Abbreviations: D: dimer; IF: inoculated fermentation; IF‐0, IF‐6, IF‐12, IF‐18, IF‐24: IF samples were obtained on 0, 6, 12, 18, and 24 days; M: monomer; NF: natural fermentation; NF‐0, NF‐6, NF‐12, NF‐18, NF‐24: NF samples were obtained on 0, 6, 12, 18, and 24 days.

Esters, closely related to the fruity and sweet flavor, played an important role in FMP flavor. The change of eight esters during fermentation process is shown in Figure 5a and Table 2. Most of esters decreased with the increasing in fermentation time, including hexyl hexanoate, ethyl nonanoate, methyl octanoate, isoamyl hexanoate, and gamma‐butyrolactone‐M. High‐acid environment might promote the hydrolysis of above esters (Tomita et al., 2018). In the early fermentation, isoamyl hexanoate‐M sharply deceased, but the isoamyl hexanoate‐D sharply increased. This phenomenon indicated that high content of isoamyl hexanoate‐M turned into the isoamyl hexanoate‐D, which was in accordance with the result of fingerprint analysis. In addition, isoamyl hexanoate posed an acid stability and was not easy to hydrolyze at low pH. Hence, isoamyl hexanoate content was the highest in all the eaters during fermentation process. Wang, Wang, Xiao, Liu, Deng, et al. (2019) found that ethyl salicylate, ethyl palmitate, methyl linoleate, ethyl linoleate, and ethyl stearate were the main esters in FMP during fermentation process, but no many isoamyl hexanoate was produced. The reason for the difference in two experiments was in accordance with fermentation conditions, salt content, and pepper varieties. According to these results, it was speculated that isoamyl hexanoate played an important role in the aroma quality of FMP. Ethyl acetate, with pineapple flavor, showed an increased tendency during fermentation process. Microorganisms turned the fermented carbohydrates into the end products during fermentation process, including organic acids and alcohols (Kim et al., 2016). The organic acids and alcohols could combine each other to form several esters, such as ethyl acetate (Wang, Wang, Xiao, Liu, Deng, et al., 2019). It was found that more ethyl acetate was produced during liquor fermentation, and became a key volatile compound of liquor during liquor brewing process (Cai et al., 2019). However, little research reported that ethyl acetate could increase to high level during vegetable fermentation.

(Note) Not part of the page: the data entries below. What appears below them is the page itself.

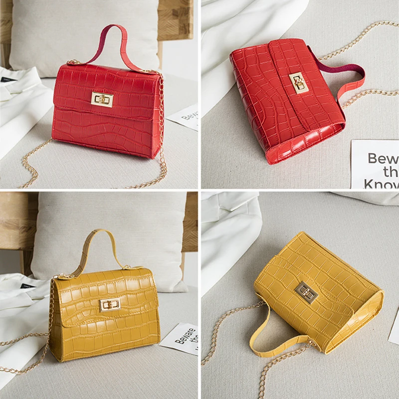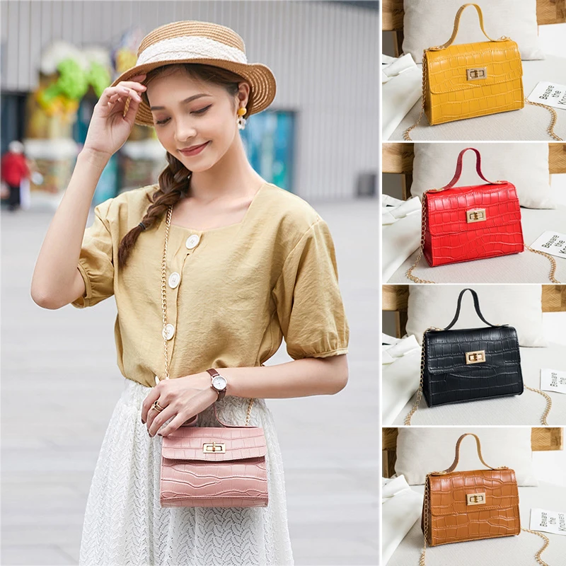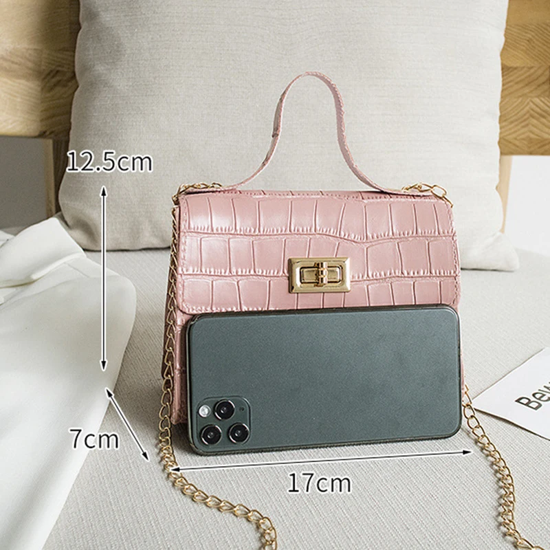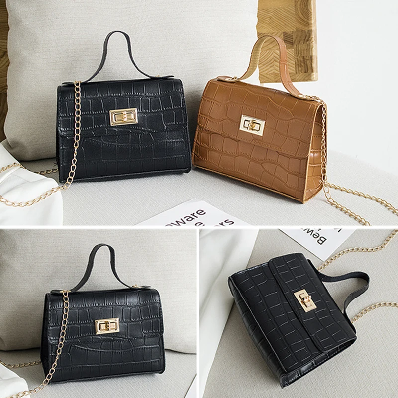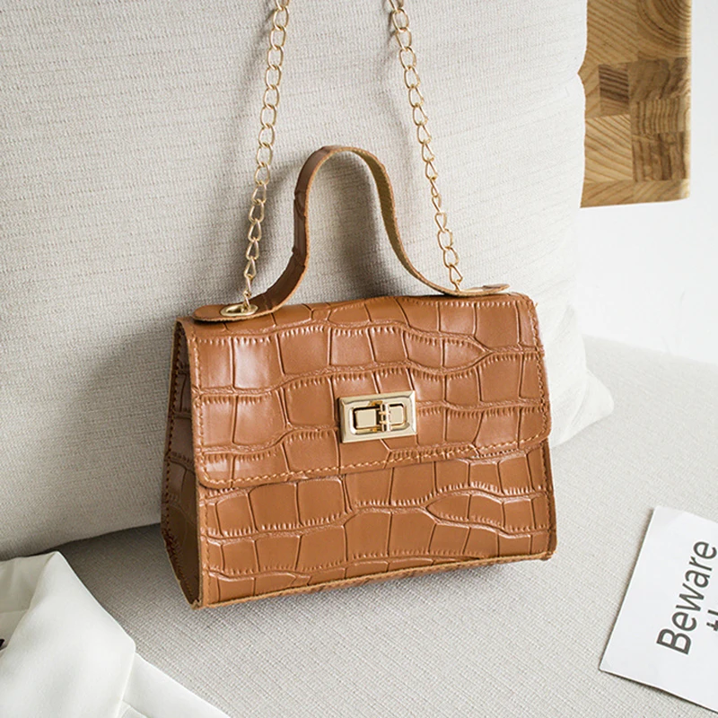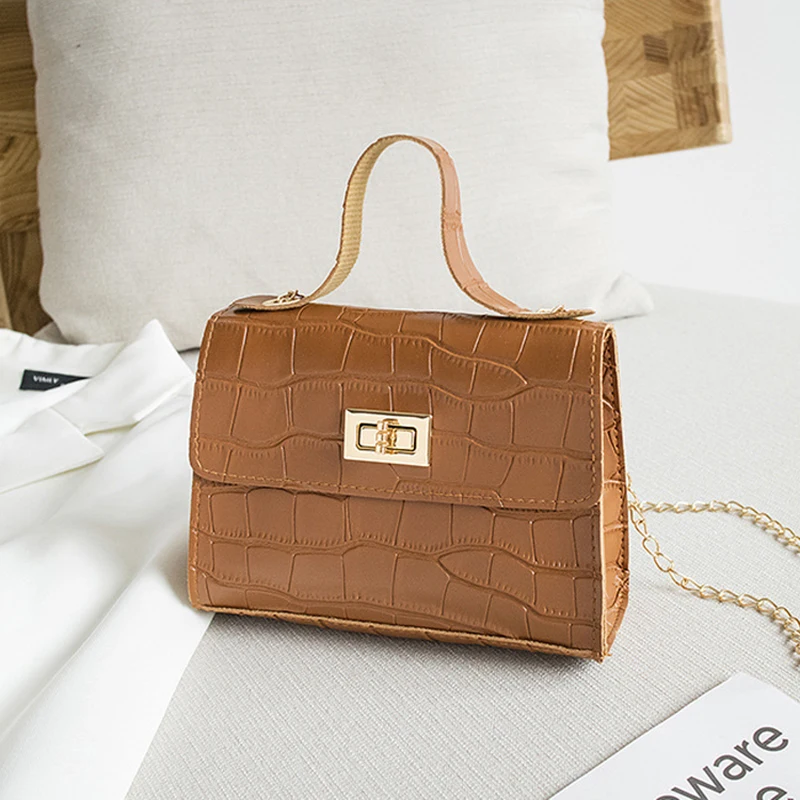 Сумка на плечо женская кожаная, саквояж кросс-боди в стиле ретро, однотонная сумочка на цепочке, чемоданчик
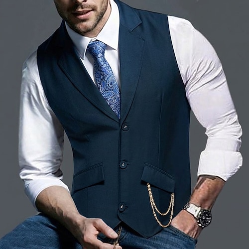 Da uomo Gilet Casuale Quotidiano Affari Moda Affari Tutte le stagioni Tasca TR Di tendenza Tinta unita Monopetto Dentellato Vestibilità su misura Nero Borgogna Blu marino scuro Gilet
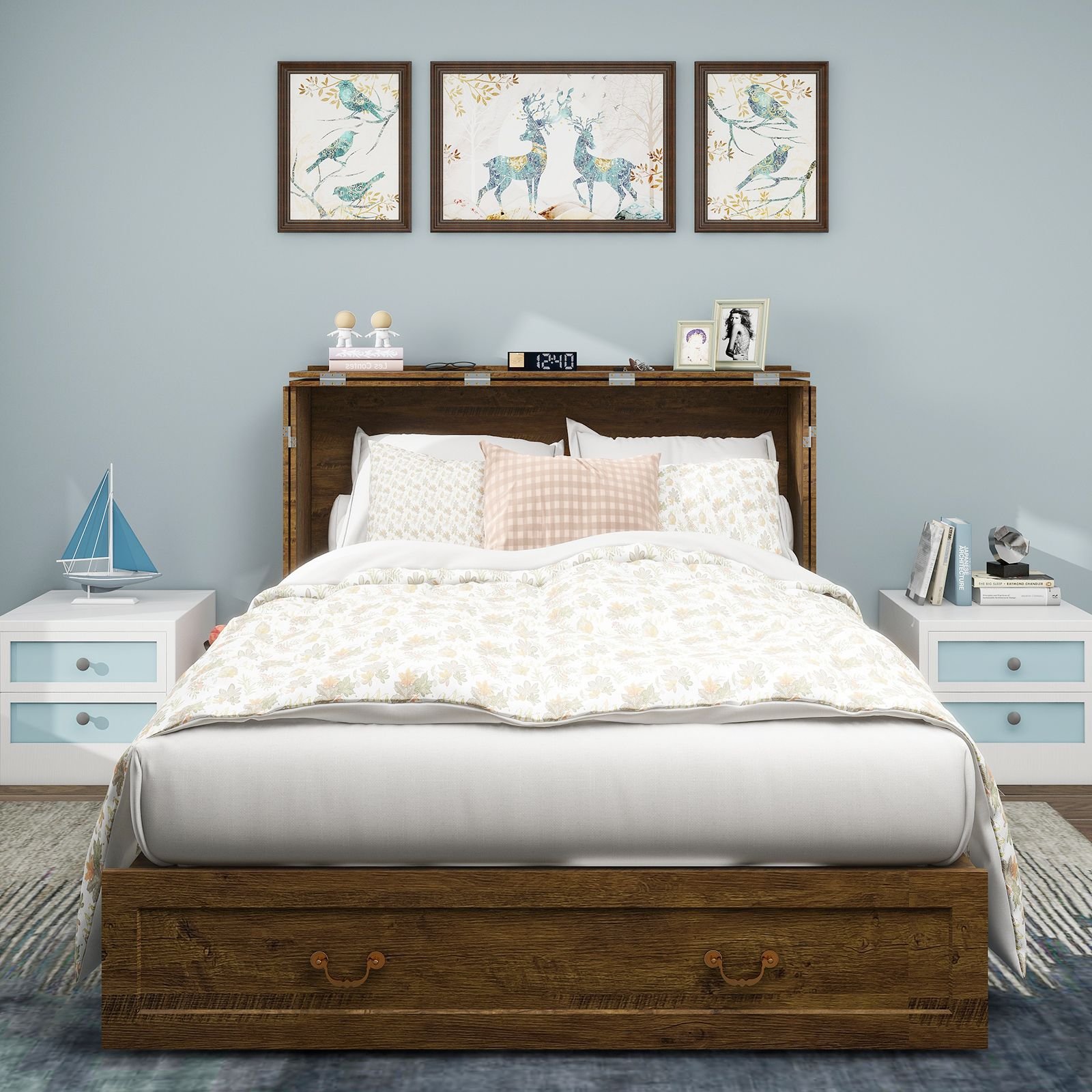 3.Efficient Design -The design of this murphy guest bed prioritizes space saving, which is perfect for daily use, especially in a small apartment or studio, providing additional floor space of bedroom. The murphy bed cabinet is easy to operate, and it can be converted from cabinet to murphy beds in just a few simple steps.
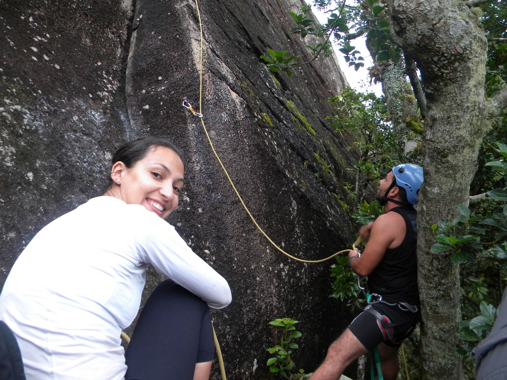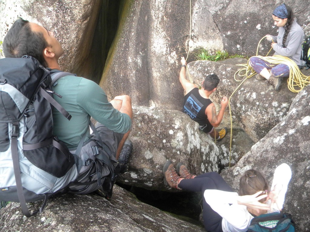 Meu primo Vinicius que não escalava a mais de dez anos nos acompanhou neste dia, também a Greissy, nossa amiga de caminhada e seu namorado Lucas que estava indo a primeira vez para montanha. O Anhangava também é um lugar que sempre se encontra colegas e amigos, por lá também encontramos Pedro Hauk, Camila, Caroline e também meu parceiro de várias roubadas, Otaviano.
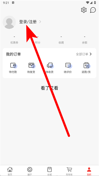 2、在我的”页面,点击登录注册区域,进入登录页面后。
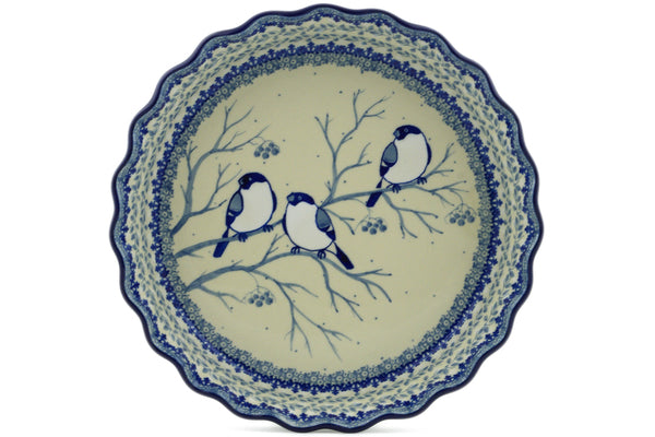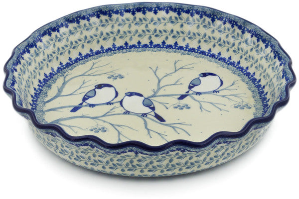 Fluted Pie Dish 10" Waiting Birds Theme UNIKAT
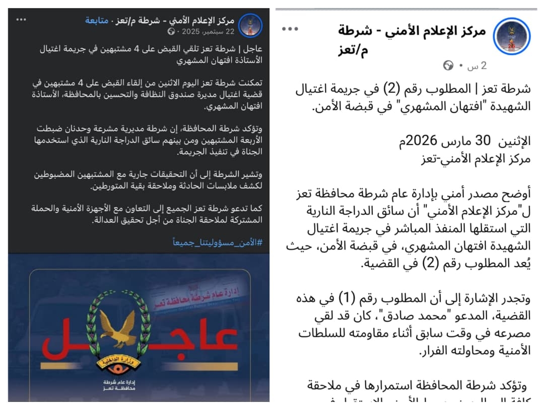 للمرة الثانية .. شرطة تعز تُعلن القبض على المتهم الثاني باغتيال أفتِهان المشهري
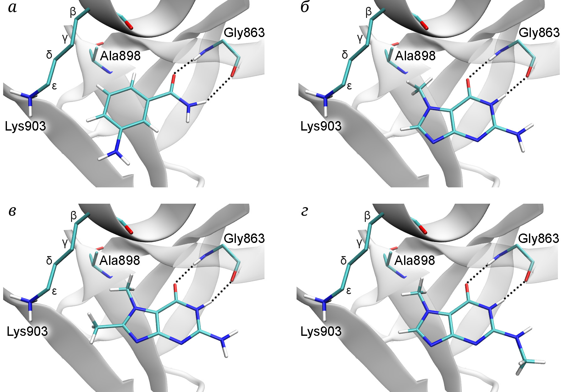 3-Аминобензамид является структурным миметиком никотинамидной группы субстрата NAD+. Как показывает молекулярное моделирование, 3-аминобензамид образует в активном центре PARP1 две водородные связи с остатком Gly863, гидрофобный контакт с боковой цепью Ala898, а также π-стэкинг c боковой цепью Tyr907 (рис. 6, а; остаток Tyr907 не показан). Данные взаимодействия характерны для субстрата, о чём можно судить по кристаллической структуре PARP1 с аналогом NAD+ бензамидадениндинуклеотидом [43]. 7-Метилгуанин (IC50 = 40,3 мкМ) также вступает в вышеперечисленные взаимодействия с моделью PARP1 (рис. 6, б), что согласуется с его конкурентным характером действия [31]. Метильная группа в положении 7 необходима для обеспечения плотного контакта с остатком Ala898. 7,8-Диметилгуанин (IC50 = 24,9 мкМ) обладает более высокой активностью по сравнению с 7-метилгуанином за счёт дополнительного гидрофобного контакта метильной группы в положении 8 с Сε-атомом боковой цепи Lys903 (рис. 6, в).

Hence, ethyl acetate and isoamyl hexanoate were the two main esters at the end of fermentation, and attributed to the FMP flavor.

Aldehydes showed lower threshold values and strong fragrance‐giving ability. For FMP, aldehydes with suitable content were beneficial for the maintenance of pungency flavor. Eight kinds of aldehydes were selected to explore the change in aldehydes during fermentation process, as shown in Figure 5b and Table 2. Most aldehydes decreased with the prolonging of fermentation time, including methional, phenylacetaldehyde, and furfurol, especially for methional and phenylacetaldehyde. During fermentation process, the aldehydes turned into the acids and alcohols under the action of microorganisms, which was an important reason for aldehyde degradation. Meanwhile, condensation could be occurred among aldehydes (Sukharev, Mariychuk, Onysko, Sukhareva, & Delegan‐Kokaiko, 2019), which accelerated aldehyde degradation. The decrease in above aldehydes weakened the pungency of FMP at some extent. Zhao et al. (2015) found that almost all aldehydes, such as butanal, octanal, and others, decreased with the prolonging of pumpkin juice fermentation time. For 2‐methylbutanal, the content increased in the first 6 days, then decreased in the late 18 days. Li, Dong, et al. (2016) explored the relationship between bacterial communities and volatile compounds in red pepper paste, and found that Pseudomonas posed an obvious correlation with 2‐methylbutanal. Hence, it was speculated that the change in 2‐methylbutanal content might be related to Pseudomonas during fermentation process. Hazelwood, Daran, van Maris, Pronk, and Dickinson (2008) found that some aldehydes, such as methylbutanal, could be generated by Strecker degradation of methionine and leucine or the Ehrlich pathway. Although octanal content slightly increased during fermentation process, the content was still lower than most other aldehydes. At the end of fermentation, the content of all aldehydes was low, which weakened the pungency of FMP.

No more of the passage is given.